I remember in college that there were some guys who thought the way to a woman's heart was through borrowing a friend-of-a-friend's car and paying for two at an upscale French restaurant, others whose preferred attempt at seduction was overanalyzing everything to do with a possible relationship, with what relationships mean, in some under-furnished and messy dorm-like apartment. The latter seemed preferable to many of us at 19 - eschewing convention! building something amazing that defies the bounds of something so bourgeois as a "relationship"! - but at 30, especially if dude is also 30, I can't imagine this would have the same charm.

No doubt because the essay is in a women's mag, Kaling can't state the obvious, which is that the reason she was dating "boys" until recently - the reason women our age tend to go through a "boys" phase - is that women are, for those years, "girls" in just the same sense: not interested in settling down yet, not ready to commit to a man or much of anything. But society asks us to believe that girls/women all along, from the lead-up to junior prom on, want men who are prepared to commit, on account of all hetero-wired ladies being born wanting not guys but babies-and-rings. When in fact, there's maybe this five-minute window of time when women want commitment that men are not offering, but a far longer window during which women are expected to want Serious, but are actually just fine with three-month this-defies-labels relationships.

Oh, oh, and furthermore: there's the whole dynamic wherein the "boy" explains to the "woman" that he just wants to be free, play it by ear, whereas she's obviously looking for a "man." When she is not, in fact, looking for a "man," but is herself still a "girl." There are a lot of young men out there assuming, incorrectly, that the young women they're dating are on this forum

But one part of Kaling's essay really, really announced why it is that she gets to write for a living. She describes a guy she dated (a "man" not a "boy," but she's explaining why he was nevertheless not ideal) as "a comedy writer who was a smidgen more accomplished than I but who talked about everything with the tone of 'you’ve got a lot to learn, kid.'" As the kids say: this.

Women, listen to me: have we not all met, if not necessarily dated, this man? Have we not all dealt with men who are by all accounts less accomplished, who know less about the topic at hand, but who take that tone? This, I remember, is why it was so difficult to get women to write for the op-ed section of the college paper - there were simply too many male college students who began sentences with that all-knowing, "Well, you see, here's how it is...," and too few female ones doing the same.
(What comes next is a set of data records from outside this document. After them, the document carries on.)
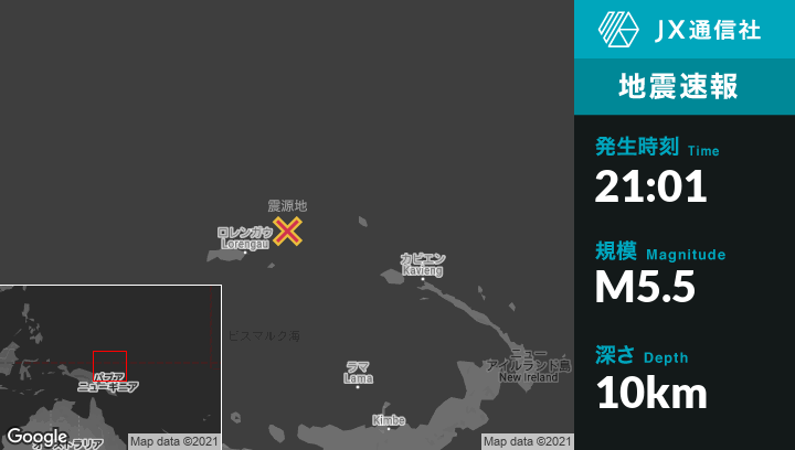 | 震源地 | パプアニューギニアのLorengauから東北東111kmの地点 |
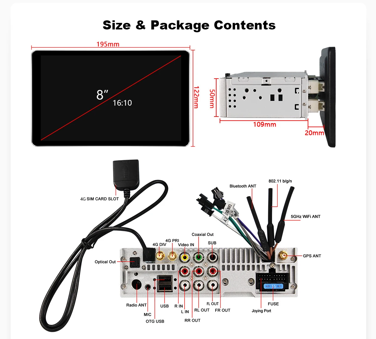 Радуясь 8 дюймов 1Din GPS Multimidia Android 10 Автомобиль Радио Стерео HD1280 * 800 Универсальный головное устройство авто Carplay DVR аксессуары
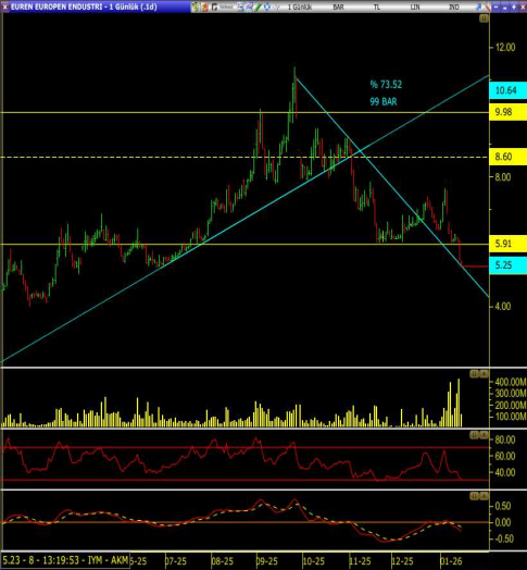 Son düşüşle birlikte 5,91 seviyesi kritik bir destek olarak çalışmış, bu bölgenin de kırılması ile satış baskısı etkisini göstermiş durumda.
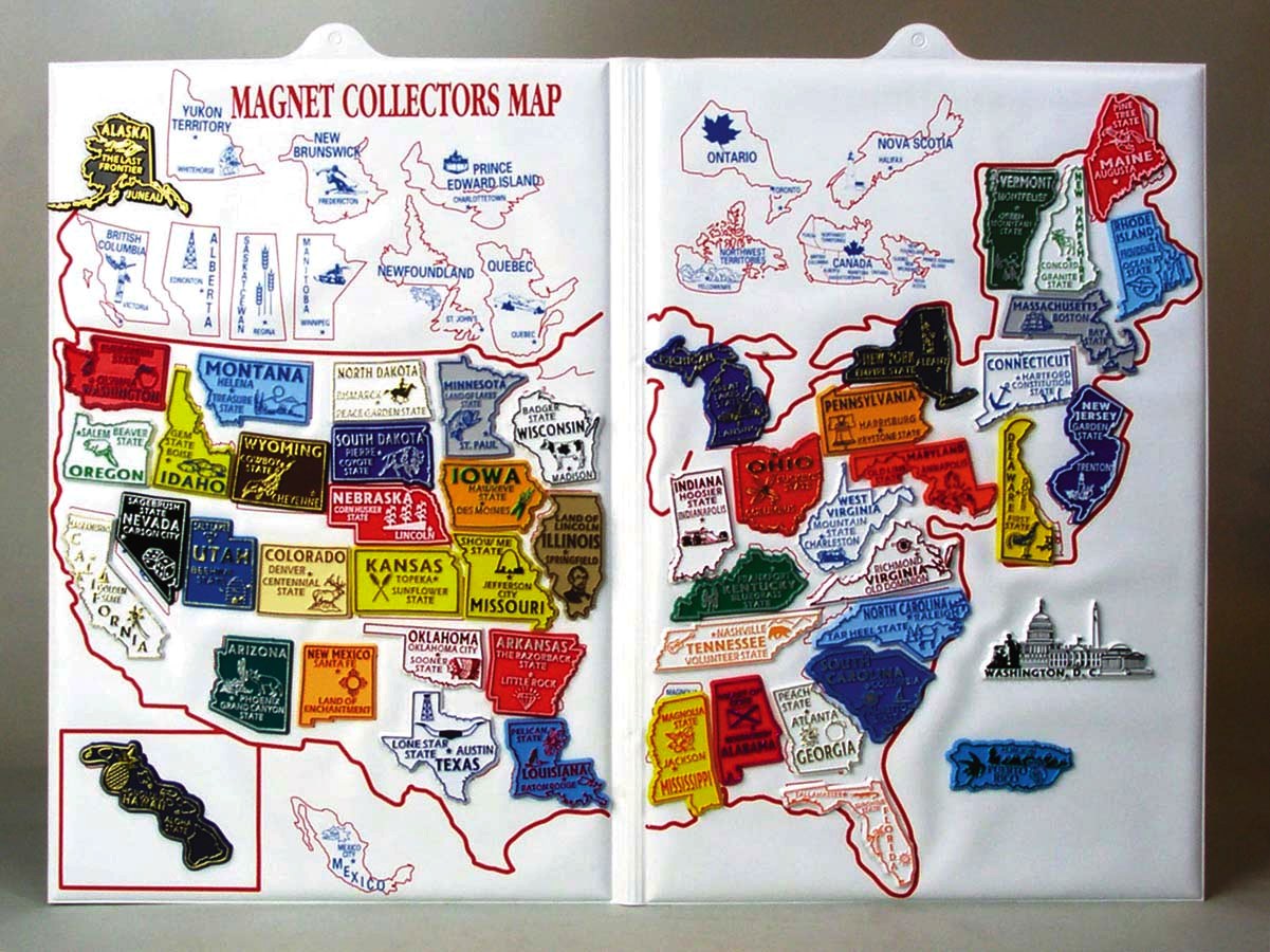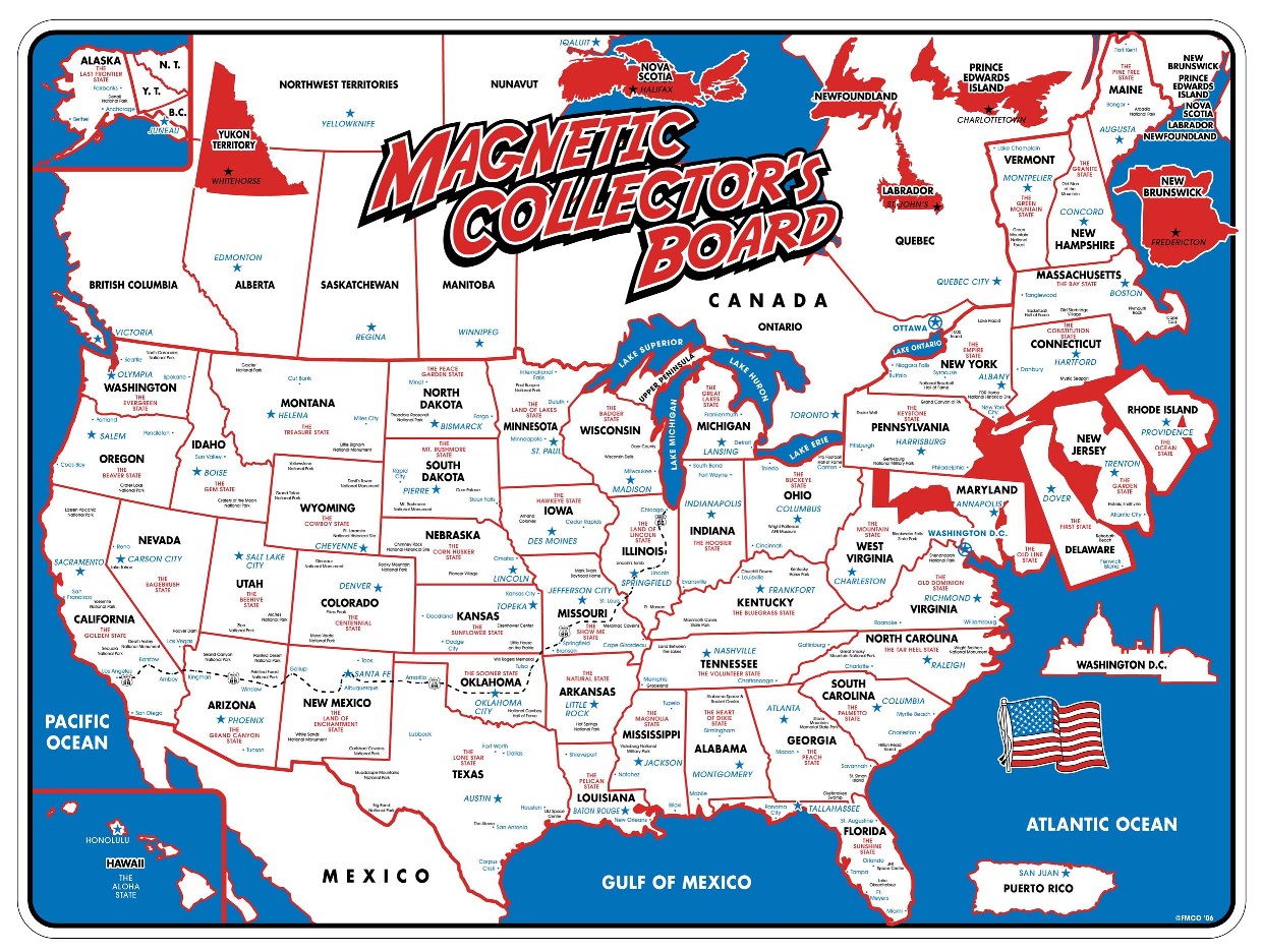 Do you need something to display your  state magnets on?  We’ve got a couple of solutions for you.  One is our state magnet collectors board.  This is a Metal board with a map of the USA on it.  It’s large enough to hold all state magnets, Canadian magnets, Puerto Rico and the US flag.

These 19-year-old boys/men/whatever had totally figured out the war in Iraq. Somehow this, and not the tired-if-described-in-a-clever-way-by-a-clever-writer man-child issue, seems the real question for young women today, at least those whose sexual orientation demands they deal romantically with men.

11 comments:

  1. I officially find the Kaling essay baffling: the boys as well as the men-- and, as you say, the girls as well as the women. But then, as you hint, there's a different psychology involved in spending one's twenties in grad school that *is itself a commitment*-- as a doctoral program that you mean to be a pre-professional program is, and as I guess part-time creative writing MFAs may not be. Since I spent my twenties surrounded by doctoral students, and since my college friends went through their twenties with something like a median of two relationships each, I just wasn't exposed to one side of this equation.

    On the other hand, those committed doctoral students are still poor, and not generally bearers of mortgages. So the idea that the mortgage is a *leading* indicator of grownuphood rather than a trailing one strikes me as weird.

    Despite having written for one myself (or maybe because of my shame at having done so) I've become an advocate of closing down the op-ed pages of student newspapers. It seems to me that almost all they provide is a public space in which 19-year olds can practice their overconfident-without-knowing-much voice. Better to devote that energy to the news pages where one might at least learn something about how to learn new facts.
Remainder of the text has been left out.